WHAT YOU SHOULD DO — Within the entries below, please return exactly the lines from the one with "Đường đi ngắn" through the one with "Novi Vinodolski, Klenovica, dvije", leaving out any pictures.

───── PROVIDED RECORDS

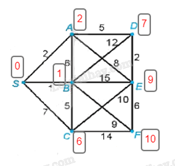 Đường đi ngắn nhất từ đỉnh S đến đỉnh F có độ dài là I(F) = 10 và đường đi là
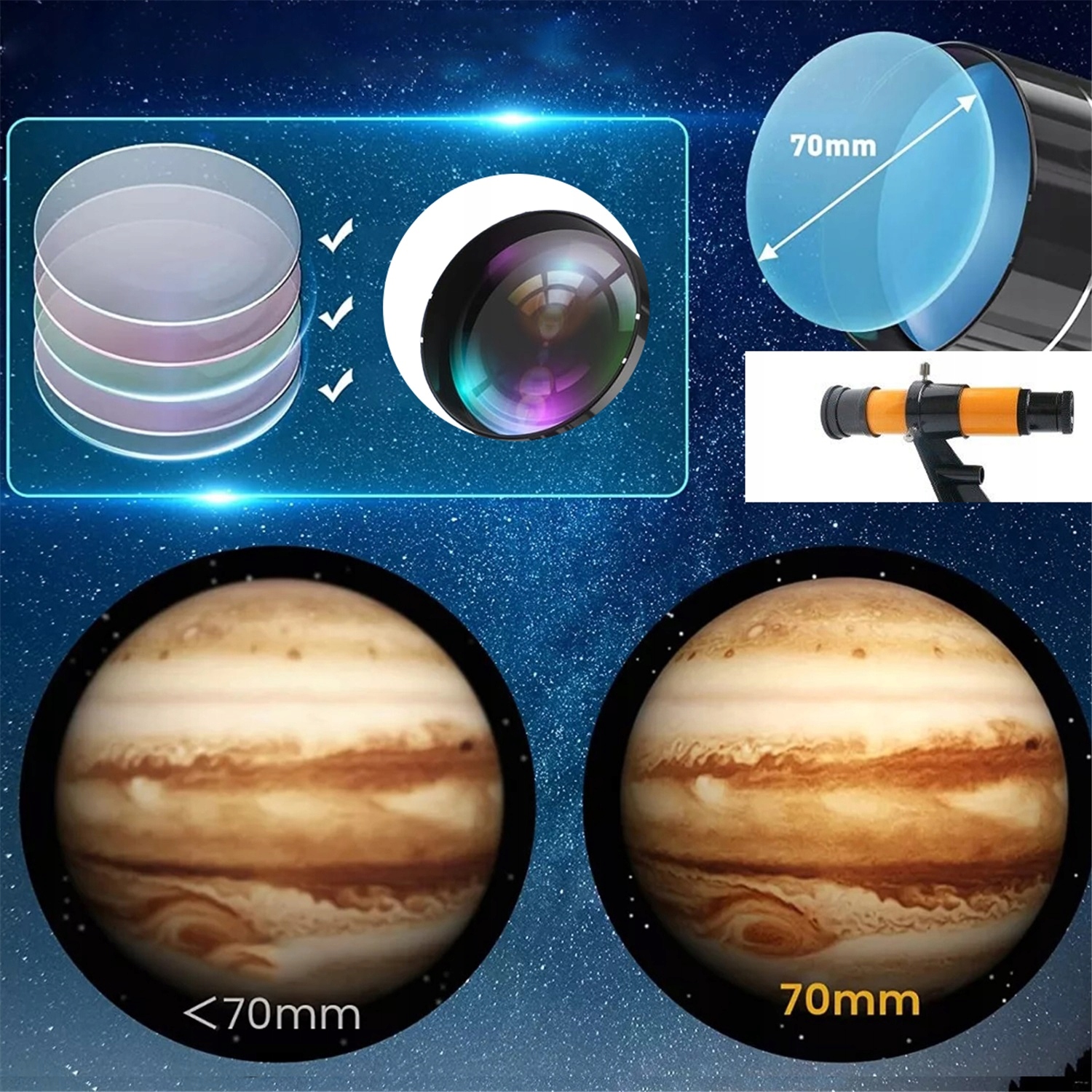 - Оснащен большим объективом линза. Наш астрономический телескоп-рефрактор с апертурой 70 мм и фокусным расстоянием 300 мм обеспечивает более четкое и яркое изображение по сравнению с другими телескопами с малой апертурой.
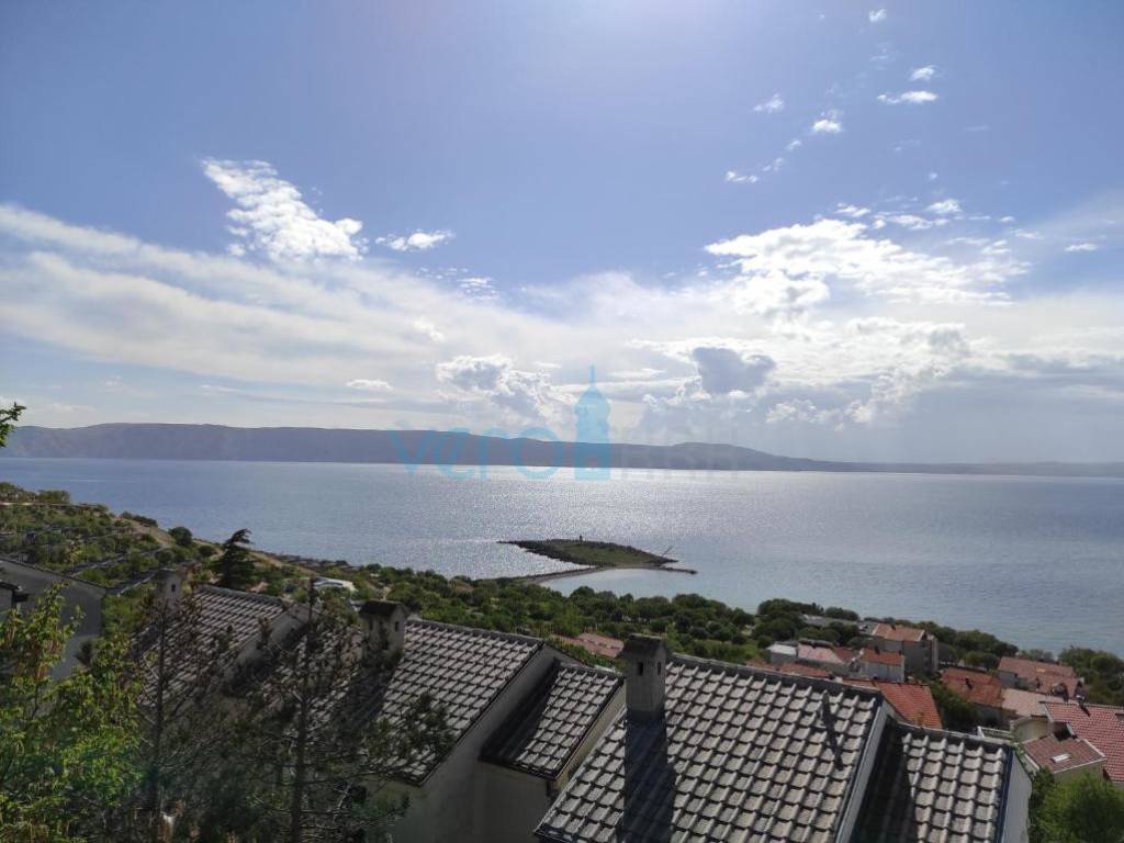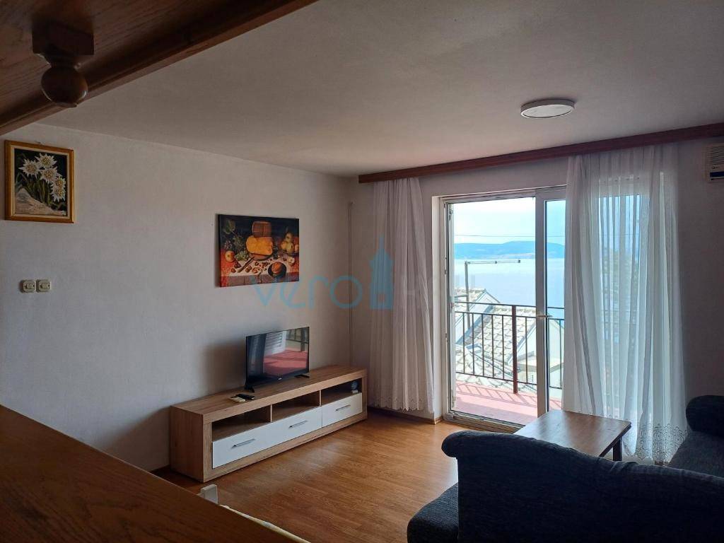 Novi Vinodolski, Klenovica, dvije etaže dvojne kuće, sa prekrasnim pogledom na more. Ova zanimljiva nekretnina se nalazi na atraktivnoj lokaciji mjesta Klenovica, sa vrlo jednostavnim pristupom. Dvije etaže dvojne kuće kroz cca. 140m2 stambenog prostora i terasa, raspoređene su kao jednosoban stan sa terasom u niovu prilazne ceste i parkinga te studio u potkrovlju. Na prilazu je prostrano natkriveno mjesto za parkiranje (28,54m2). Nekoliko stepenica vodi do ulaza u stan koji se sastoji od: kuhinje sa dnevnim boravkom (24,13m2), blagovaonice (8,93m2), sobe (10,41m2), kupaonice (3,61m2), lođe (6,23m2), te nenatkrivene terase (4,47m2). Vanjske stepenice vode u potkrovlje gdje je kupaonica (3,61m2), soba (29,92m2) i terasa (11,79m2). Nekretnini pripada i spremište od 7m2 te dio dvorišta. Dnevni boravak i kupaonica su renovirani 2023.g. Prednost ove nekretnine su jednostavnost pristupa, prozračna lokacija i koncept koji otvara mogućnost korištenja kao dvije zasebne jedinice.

──────────
───── PROVIDED RECORDS

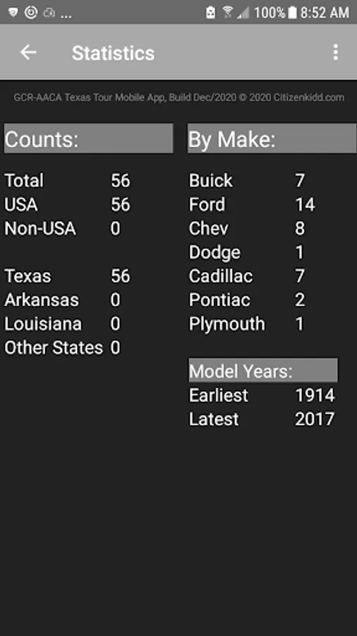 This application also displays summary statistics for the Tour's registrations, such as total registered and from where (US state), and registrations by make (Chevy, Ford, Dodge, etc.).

──────────

TASK ANSWER —
 Đường đi ngắn nhất từ đỉnh S đến đỉnh F có độ dài là I(F) = 10 và đường đi là
 - Оснащен большим объективом линза. Наш астрономический телескоп-рефрактор с апертурой 70 мм и фокусным расстоянием 300 мм обеспечивает более четкое и яркое изображение по сравнению с другими телескопами с малой апертурой.
 Novi Vinodolski, Klenovica, dvije etaže dvojne kuće, sa prekrasnim pogledom na more. Ova zanimljiva nekretnina se nalazi na atraktivnoj lokaciji mjesta Klenovica, sa vrlo jednostavnim pristupom. Dvije etaže dvojne kuće kroz cca. 140m2 stambenog prostora i terasa, raspoređene su kao jednosoban stan sa terasom u niovu prilazne ceste i parkinga te studio u potkrovlju. Na prilazu je prostrano natkriveno mjesto za parkiranje (28,54m2). Nekoliko stepenica vodi do ulaza u stan koji se sastoji od: kuhinje sa dnevnim boravkom (24,13m2), blagovaonice (8,93m2), sobe (10,41m2), kupaonice (3,61m2), lođe (6,23m2), te nenatkrivene terase (4,47m2). Vanjske stepenice vode u potkrovlje gdje je kupaonica (3,61m2), soba (29,92m2) i terasa (11,79m2). Nekretnini pripada i spremište od 7m2 te dio dvorišta. Dnevni boravak i kupaonica su renovirani 2023.g. Prednost ove nekretnine su jednostavnost pristupa, prozračna lokacija i koncept koji otvara mogućnost korištenja kao dvije zasebne jedinice.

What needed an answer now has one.